THE RECORDS Start Marker

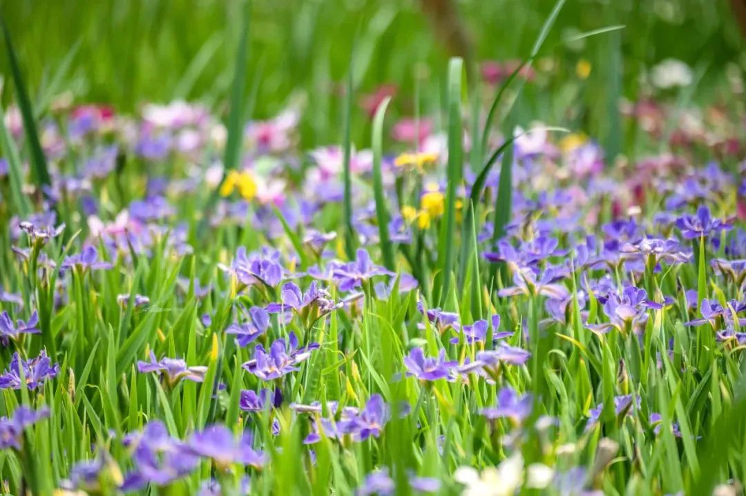 5月,在武汉植物园的鸢尾展示区及很多路边都可以见到鸢尾花,这里的鸢尾花有蓝、紫、黄、白等色,花型大而美丽。
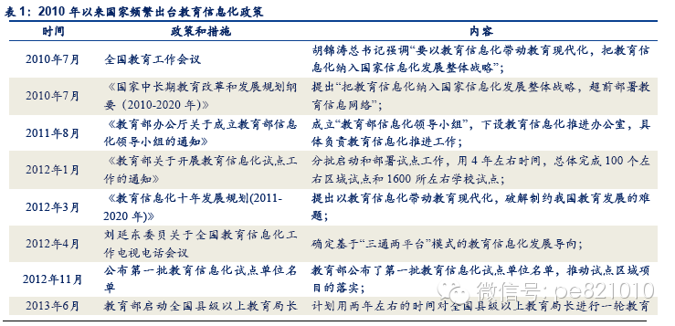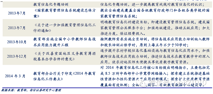 2014年1月,中国电信与教育部在北京签署战略合作框架协议,根据协议,今后三年中国电信和教育部将在教育信息化基础设施建设、教育管理信息化和数字教育资源服务、教育信息化教师与专业队伍培训等领域开展多种形式的合作;重点支持中西部10-15万所中小学的宽带网络接入和已实现宽带接入的8-10万所中小学校园无线网络建设,并对这些学校的日常网络使用费给予特殊优惠。与此同时,各地区也陆续开始采购班班通和两平台系列产品,“三通两平台”的建设正在稳步推进中。
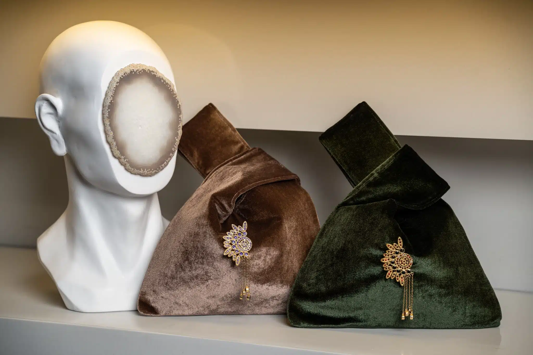 Oxide Japanese Knot Wristbag, in rich Velvet Material , tailored with inside satin lining, and our signature yellow gold-embedded piece with purple stones, by CH by Christine Habib Azer,
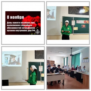 08.11.2025МБОУ "Гордали-Юртовская СШ " активисты ЧРОО ЕДЮО "Юные Кадыровцы" провели классный час День памяти погибших при выполнении служебных обязанностей сотрудников органов внутренних дел РФ» к 8 ноября 8 ноября — День памяти погибших при исполнении служебных обязанностей сотрудников органов внутренних дел России. Этот день — дань глубокого уважения героям, которые ценой своей жизни защищали наш мир, семьи и будущее. Их мужество и самоотверженность напоминают: безопасность — это не абстракция, а ежедневный подвиг.8 ноября прошла беседа, посвященная памяти героев. Ученики делились мыслями и историями .Такие беседы важны для воспитания патриотизма, чувства гражданственности и ответственности за свою страну. Знание о героях, их поступках, формирует у молодого поколения правильное представление о моральных ценностях, учит уважать прошлое и строить достойное будущее.Светлая память героям! Пусть их подвиг вдохновляет нас на добрые дела.
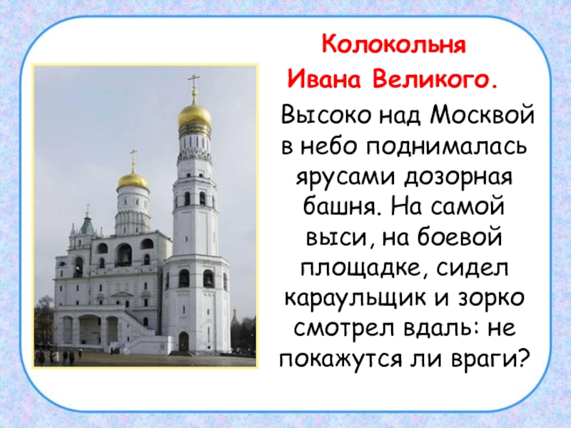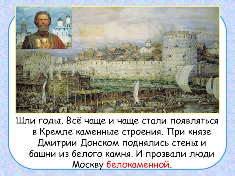строения. При князе Дмитрии Донском поднялись стены и башни из белого камня. И прозвали люди Москву белокаменной.
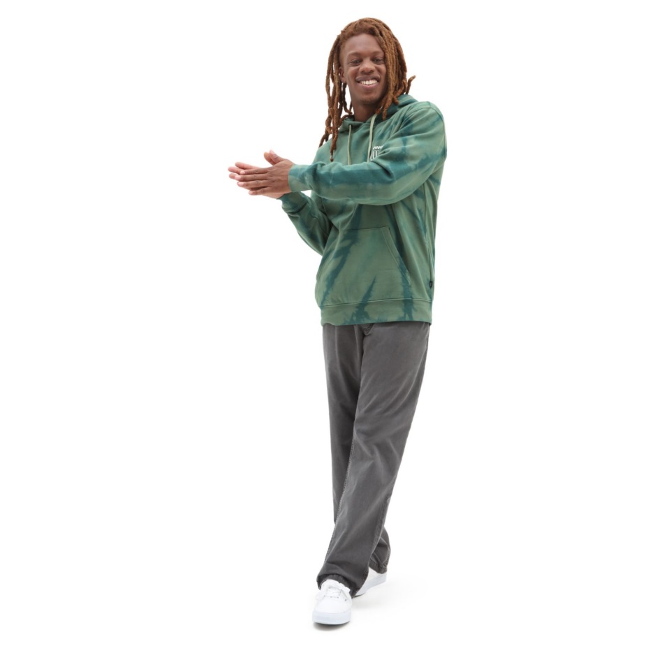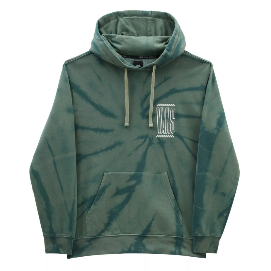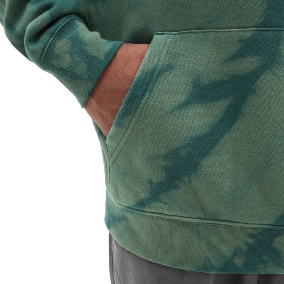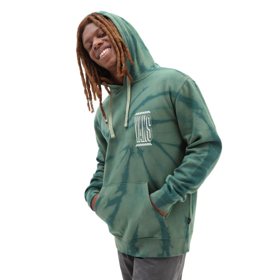 Το ψηλό πουλόβερ τύπου Tie Dye είναι ένα πουλόβερ με κουκούλα από 80% βαμβάκι, 20% πολυεστέρας από Fleece πουλόβερ με πράσινη και γαλαζοπράσινη βαφή, κλασική μπροστινή τσέπη και στάμπες με λογότυπο σκακιέρας στο αριστερό στήθος και την πλάτη.
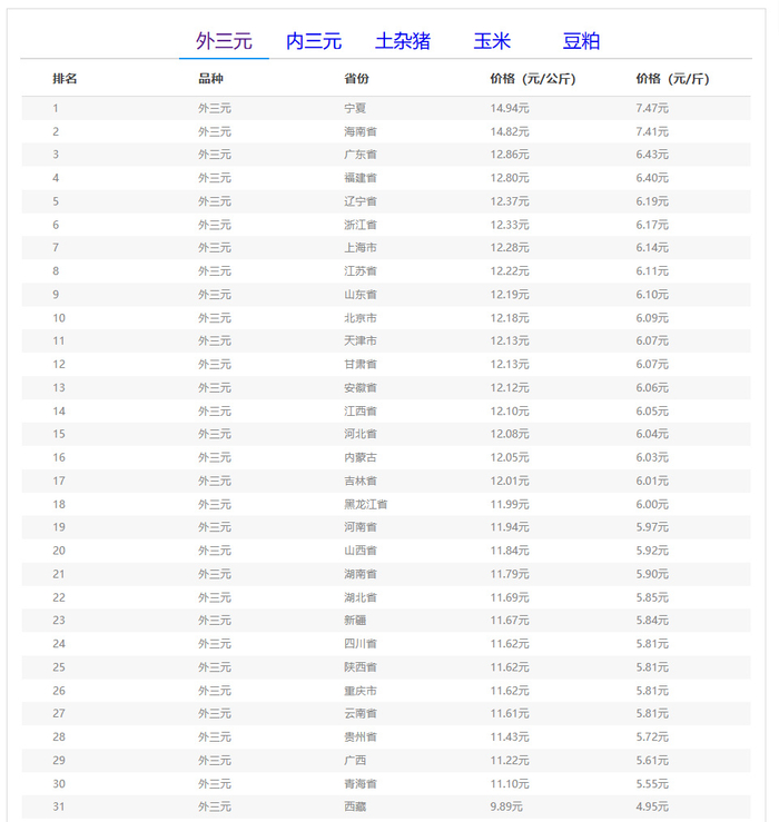 外三元排行前三:宁夏回族自治区14.94元/公斤、海南省14.82元/公斤、广东省12.86元/公斤;
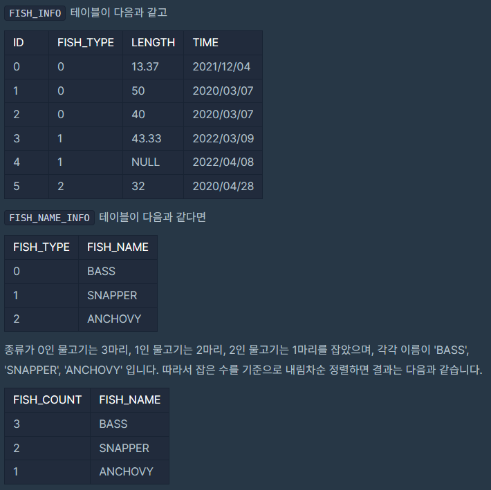 물고기의 이름 컬럼명은 FISH_NAME, 잡은 수 컬럼명은 FISH_COUNT로 해주세요.
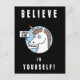 Ein Cartoon mit einem entschlossenen Ausdruck, "Glaube an dich selbst" und "Ich glaube an mich" in einem Wortballon. Farbgrafik, T - Shirt, Schweiß, Karten & Geschenke.
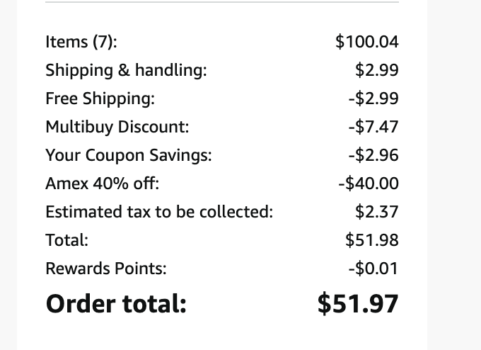 购物车显示了正确的折扣,但是因为 Apple Care 是 digital purchase 被拆单,email confirmation 两单都有正确的 prorated discount,但实际 order page 和扣钱都扣的 AirPods 原价,最后 Amex 积分也没扣。我觉得原因应该是拆单,也可能是我在那里不断试最低 redeem 多少 MR 才会有 % off 折扣然后购物车出现了 bug。
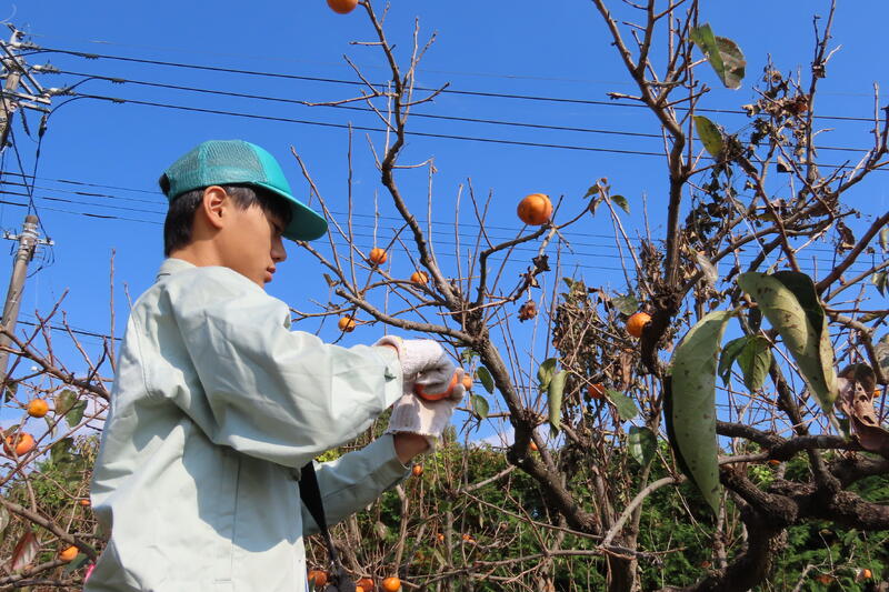 2年生園芸技術科の野菜専攻、果樹専攻の生徒が、野菜と柿の収穫実習をしていました。

THE RECORDS End Marker

Would you reproduce the lines above, from the very first through the line containing "Oxide Japanese Knot", exactly and without the pictures?

 5月,在武汉植物园的鸢尾展示区及很多路边都可以见到鸢尾花,这里的鸢尾花有蓝、紫、黄、白等色,花型大而美丽。
 2014年1月,中国电信与教育部在北京签署战略合作框架协议,根据协议,今后三年中国电信和教育部将在教育信息化基础设施建设、教育管理信息化和数字教育资源服务、教育信息化教师与专业队伍培训等领域开展多种形式的合作;重点支持中西部10-15万所中小学的宽带网络接入和已实现宽带接入的8-10万所中小学校园无线网络建设,并对这些学校的日常网络使用费给予特殊优惠。与此同时,各地区也陆续开始采购班班通和两平台系列产品,“三通两平台”的建设正在稳步推进中。
 Oxide Japanese Knot Wristbag, in rich Velvet Material , tailored with inside satin lining, and our signature yellow gold-embedded piece with purple stones, by CH by Christine Habib Azer,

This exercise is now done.